===== RECORDS SHOWN =====

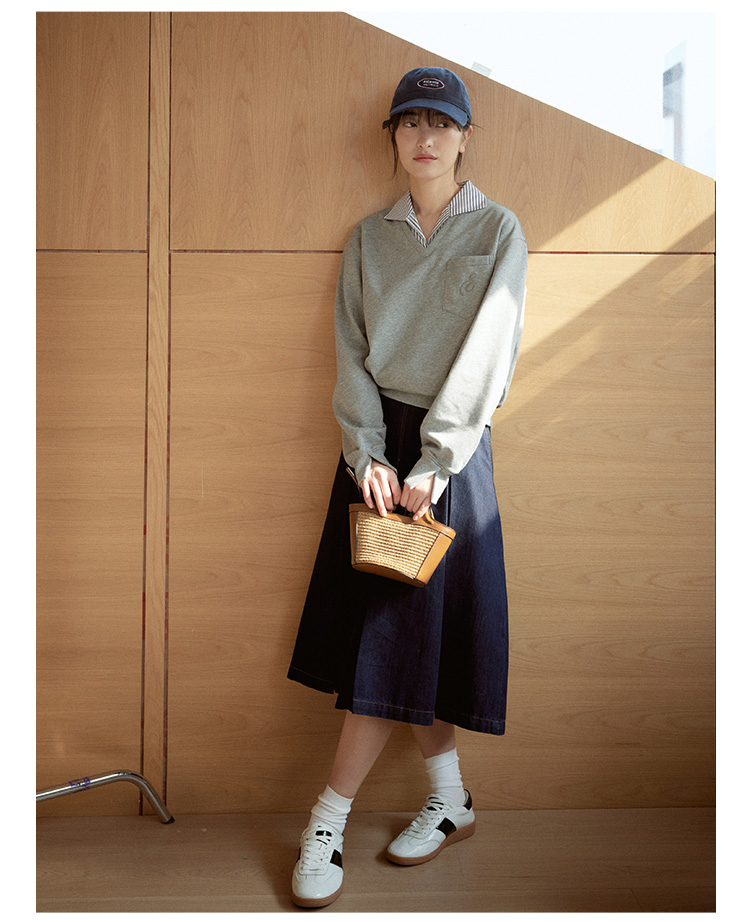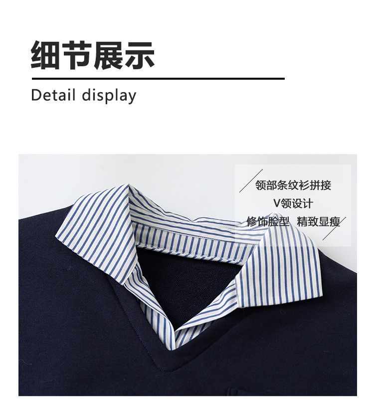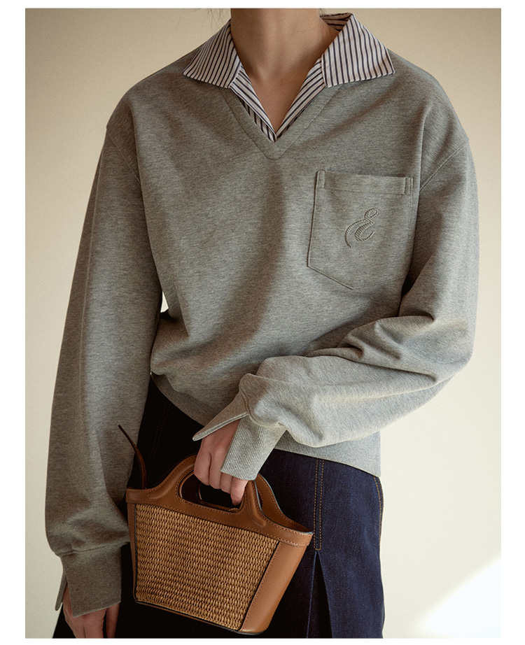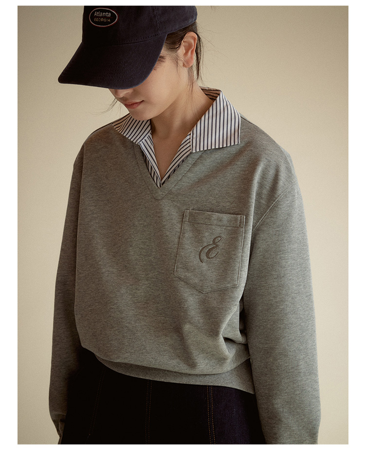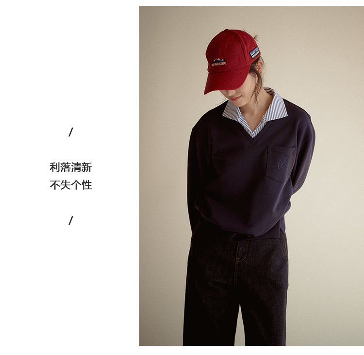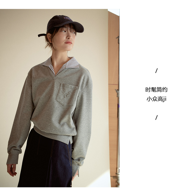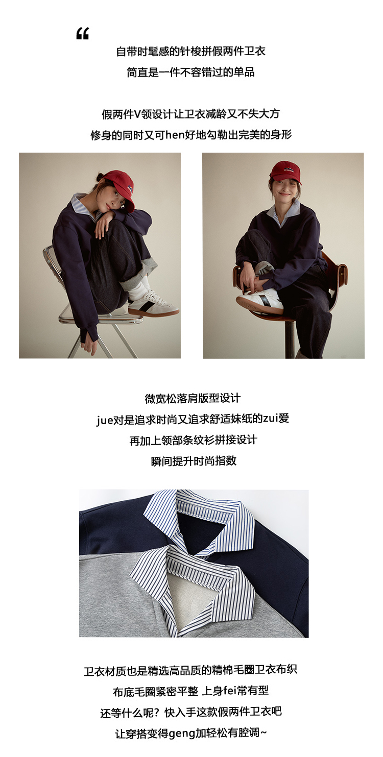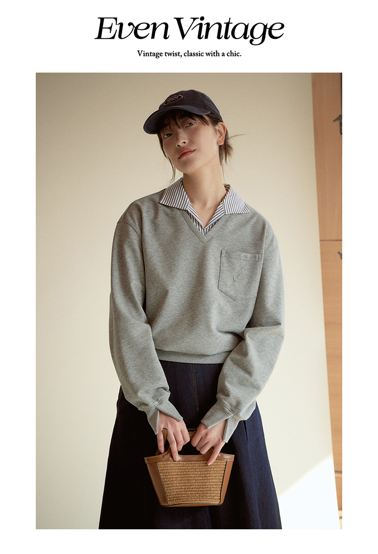 Even Vintage|秋季叠穿感 拼接条纹假两件字母刺绣休闲简约卫衣女
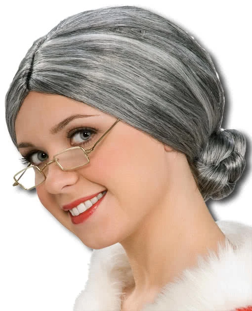 Graue Oma Perücke mit Knoten
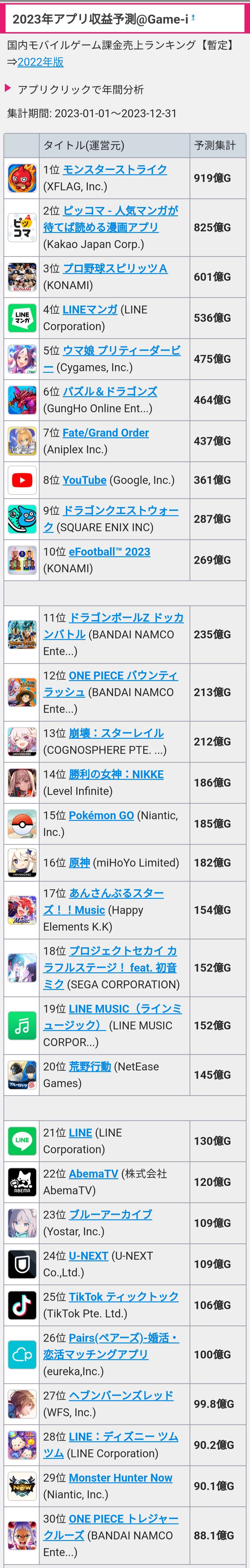 2023年アプリ収益ランキング、発表される 2024/1/2 Y速報 " " 1: 2023/12/31(日) 02:54:23.29 ID:SbO6Eu5rd game-iより 続きを読む Source: Y速報
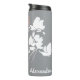 Color de agua colorido moderno y flores y hojas de tinta sobre fondo gris moderno, tambor termal. Características, espacio de plantilla único en script blanco para nombre o iniciales.
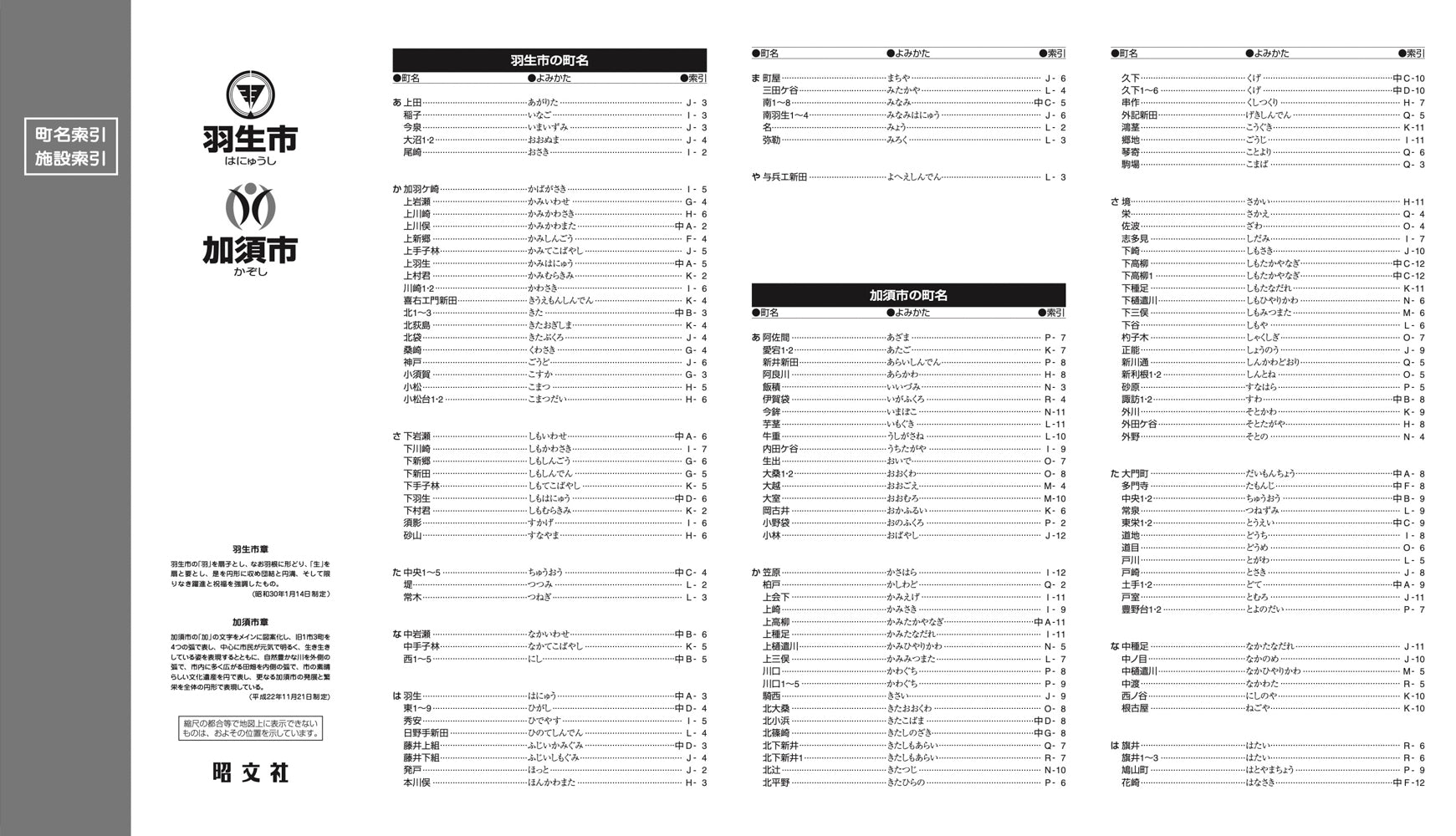 【付録】町名索引、施設索引(役所、官公署、公共施設など)

=====

Print each line of the listing exactly and include no pictures.

▸ TASK SOLUTION:
 Even Vintage|秋季叠穿感 拼接条纹假两件字母刺绣休闲简约卫衣女
 Graue Oma Perücke mit Knoten
 2023年アプリ収益ランキング、発表される 2024/1/2 Y速報 " " 1: 2023/12/31(日) 02:54:23.29 ID:SbO6Eu5rd game-iより 続きを読む Source: Y速報
 Color de agua colorido moderno y flores y hojas de tinta sobre fondo gris moderno, tambor termal. Características, espacio de plantilla único en script blanco para nombre o iniciales.
 【付録】町名索引、施設索引(役所、官公署、公共施設など)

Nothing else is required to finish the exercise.